[Collected data entries]
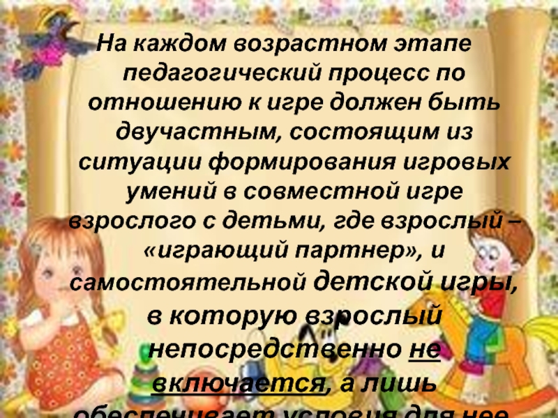 Слайд 21На каждом возрастном этапе педагогический процесс по отношению к игре должен
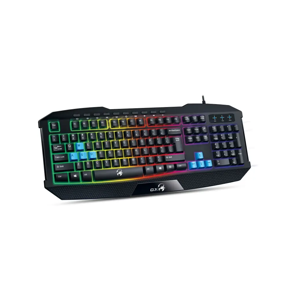 Genius Billentyűzet Scorpion K215, Kapcsolat: Vezetékes, Csatolófelület: USB, Gombok típusa: Membrán, Szín: Fekete, Multimédia: Igen, Háttérvilágítás: Igen, Csepp álló: Igen
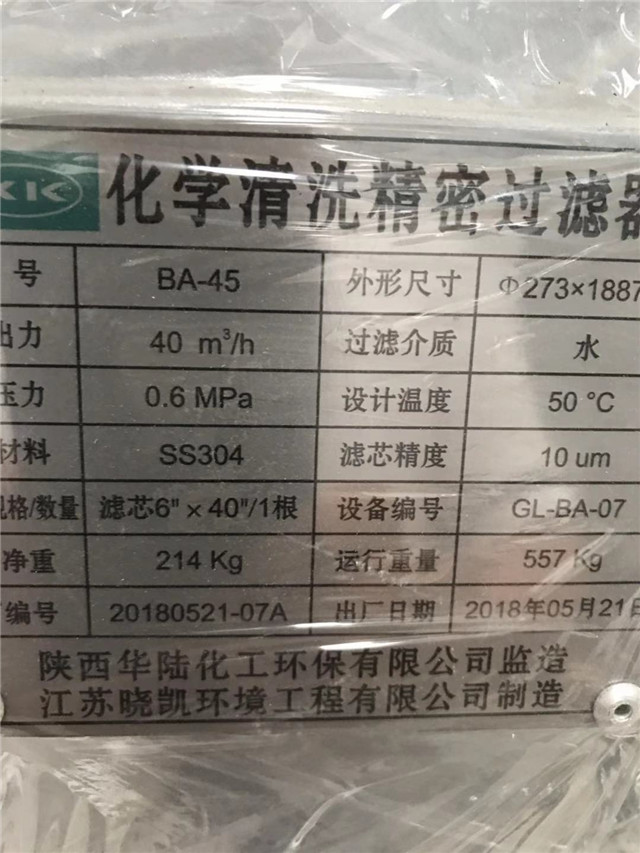 反渗透保安过滤器铭牌
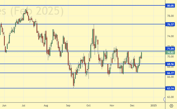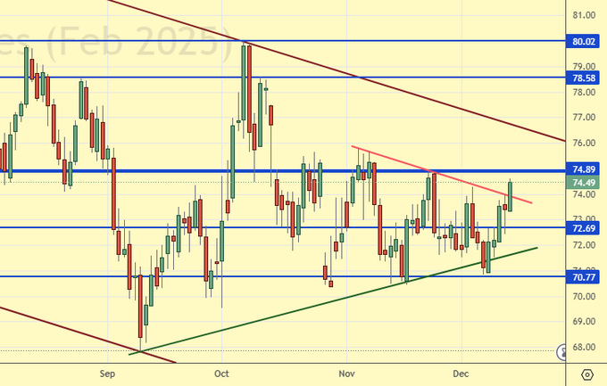 Сценарий роста: перешли на февральский фьючерс, дата экспирации 21 января. В случае роста выше 73.00 будем думать о покупках.
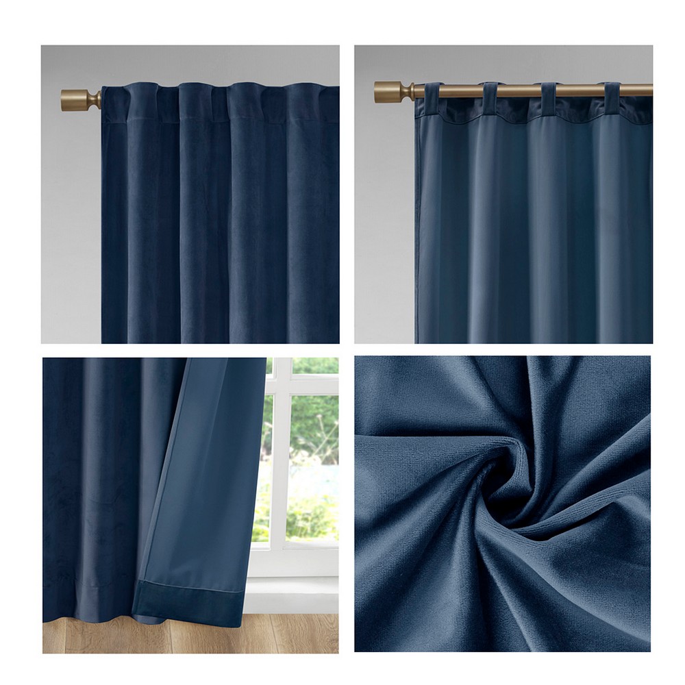 Colt Room Darkening Metallic Printed Poly Velvet Rod Pocket Back Tab Window Panel Pair Navy
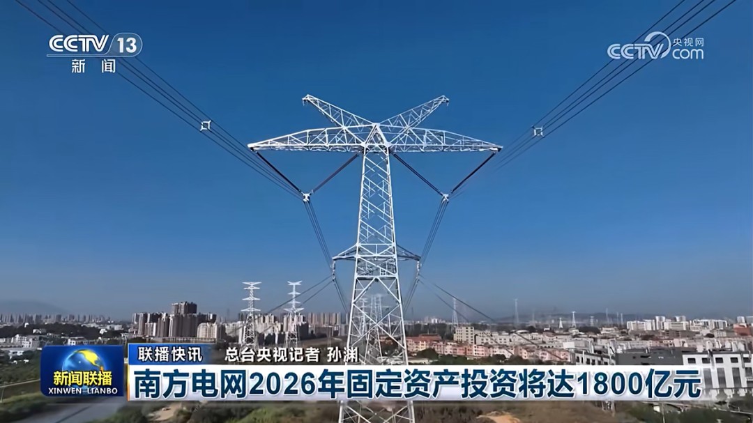 2026年开年,随着国家电网宣布“十五五”期间固定资产投资总额达4万亿元之后,南方电网公司也正式发布年度投资计划:2026年固定资产投资将达1800亿元,连续五年创历史新高,年均增速达9.5%。这一超大规模的投资,既是服务“十五五”良好开局的关键举措,也是支撑我国能源转型与经济高质量发展的坚实底气。
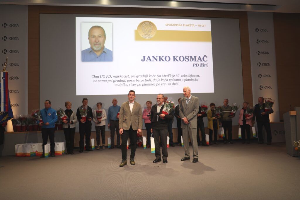 Med prejemniki spominske plakete je bil tudi član upravnega odbora PD Žiri Janko Kosmač. Priznanje je prejel za dolgoletno prizadevno in izjemno uspešno delo v društvu, kjer se je še posebej izkazal pri gradnji in upravljanju Koče na Mrzlk ter vodenju gospodarske komisije. S svojim delom, požrtvovalnostjo in skromnostjo je Janko Kosmač lahko zgled in spodbuda ostalim članom društva. Njegova delavnost in skrb za naravo, okolje in ljudi je povezana tudi z neprestanim izobraževanjem, saj se je pred leti dejavno priključil tudi markacistom PZS.

▶ _ASSIGNED TASK_:
For the data above, set down exactly the lines from the line with "Genius Billentyűzet Scorpion" to the line with "Сценарий роста: перешли", both included, leaving pictures out.

▶ _ANSWER TO THE PROBLEM_:
 Genius Billentyűzet Scorpion K215, Kapcsolat: Vezetékes, Csatolófelület: USB, Gombok típusa: Membrán, Szín: Fekete, Multimédia: Igen, Háttérvilágítás: Igen, Csepp álló: Igen
 反渗透保安过滤器铭牌
 Сценарий роста: перешли на февральский фьючерс, дата экспирации 21 января. В случае роста выше 73.00 будем думать о покупках.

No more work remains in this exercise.